Ressalte-se que a valorização dos produtos territoriais pode apresentar dinâmica com ou sem apoio do poder público. Em relação às experiências que avançam sem o apoio do poder público, vale destacar, segundo Flores (2006) dois casos:

Primeiro, o caso em que o produto territorial possui dinâmica própria com a força dos atores locais e o apoio de ONGs ou associações locais.

Segundo, as experiências que “estão apoiadas em iniciativas de grupo(s) econômico(s) forte(s) que atuam motivados por seus interesses comerciais

diretos ou sem sentido de estabelecer ações de responsabilidade social, que reforçam sua imagem no mercado” (FLORES, 2006, p. 9).

Nas experiências territoriais com apoio do poder público, Flores (2006) estabelece três formas de ação:

a) Apresentar o objetivo de valorizar determinado produto no mercado, através de instrumentos institucionais.

b) Fortalecer estratégias e ações de desenvolvimento territorial sustentável. c) Pensar à luz dos espaços sub-regionais as experiências associadas às áreas de parques florestais ou áreas de preservação de patrimônio histórico- cultural.

A identificação da existência de um desenvolvimento territorial pode ser vista pela verificação de duas formas de apreensão do território. A primeira apreensão seria o “território dado”, constituído a partir de um processo “de cima para baixo”, obedecendo as decisões político-administrativas impostas e definidas por agentes externos ao território, caracterizando-se assim por uma identificação técnica e de caráter exógeno. A segunda apreensão seria o “território construído”, marcado por um processo que acontece de “baixo para cima”, definido pela participação de atores locais e representativos no sentido da expressiva participação.

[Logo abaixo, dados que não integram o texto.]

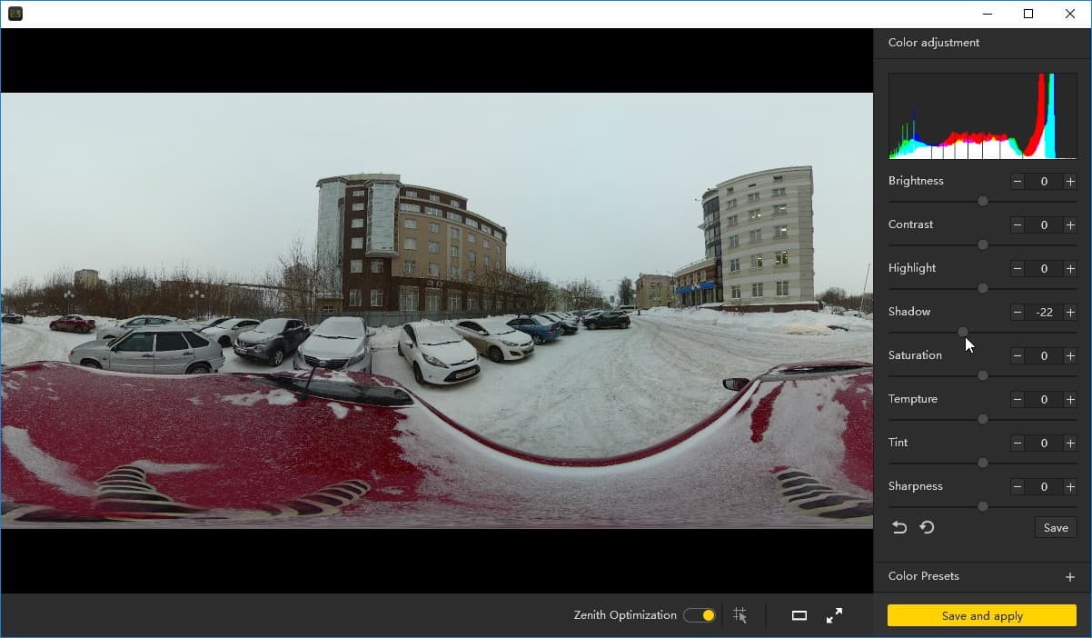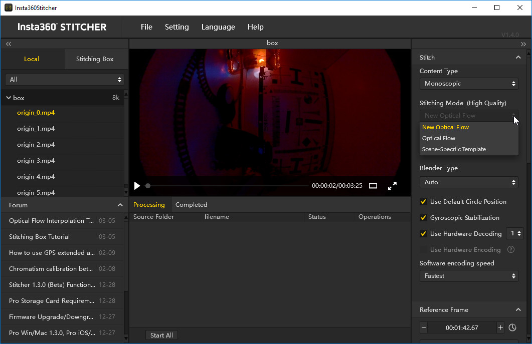 В процессе обработки контента в программе Insta360 Stitcher пользователь может выбрать метод склейки, изменить яркость/контрастность и другие параметры изображения. Программа умеет склеивать панорамы в пакетном режиме. Процесс склейки видеопанорам происходит небыстро, особенно если выбран метод сшивания не по умолчанию, а Optical Flow. Эта технология используется во многих других программах, которые предназначены для создания панорам из нескольких фотоснимков. С помощью оптического распознавания объектов программа склеивает кадры в одно целое, пример ее работы был показан ранее. Анализируя каждый кадр со всех шести камер, Insta360 Stitcher одновременно сохраняет результат с помощью одного из выбранных кодеков, H.264 или H.265. Еще раз заметим: процесс этот долгий, наш ПК с процессором Intel Core i7-3970X работал почти полчаса над склейкой видеопанорамы длительностью три минуты. Здесь-то и пригодится возможность пакетной обработки сразу нескольких роликов: отправив файлы в очередь и запустив процесс, пользователь может спокойно заняться другими делами.

É dessa forma que as trajetórias mencionadas serão alvo de caminhos que conduzem às políticas públicas e aos investimentos privados, visando o desenvolvimento em bases territoriais, intervindo com programas e projetos que possam alavancar as dinâmicas dos territórios em situação social grave, em relação às desigualdades sociais e à pobreza. É necessário que sejam inseridos novos arranjos institucionais em espaços de concertação e coordenação entre distintos atores e políticas no território, fortalecendo e criando novas alianças territoriais que de fato venham a mudar a realidade social na cidade e no campo.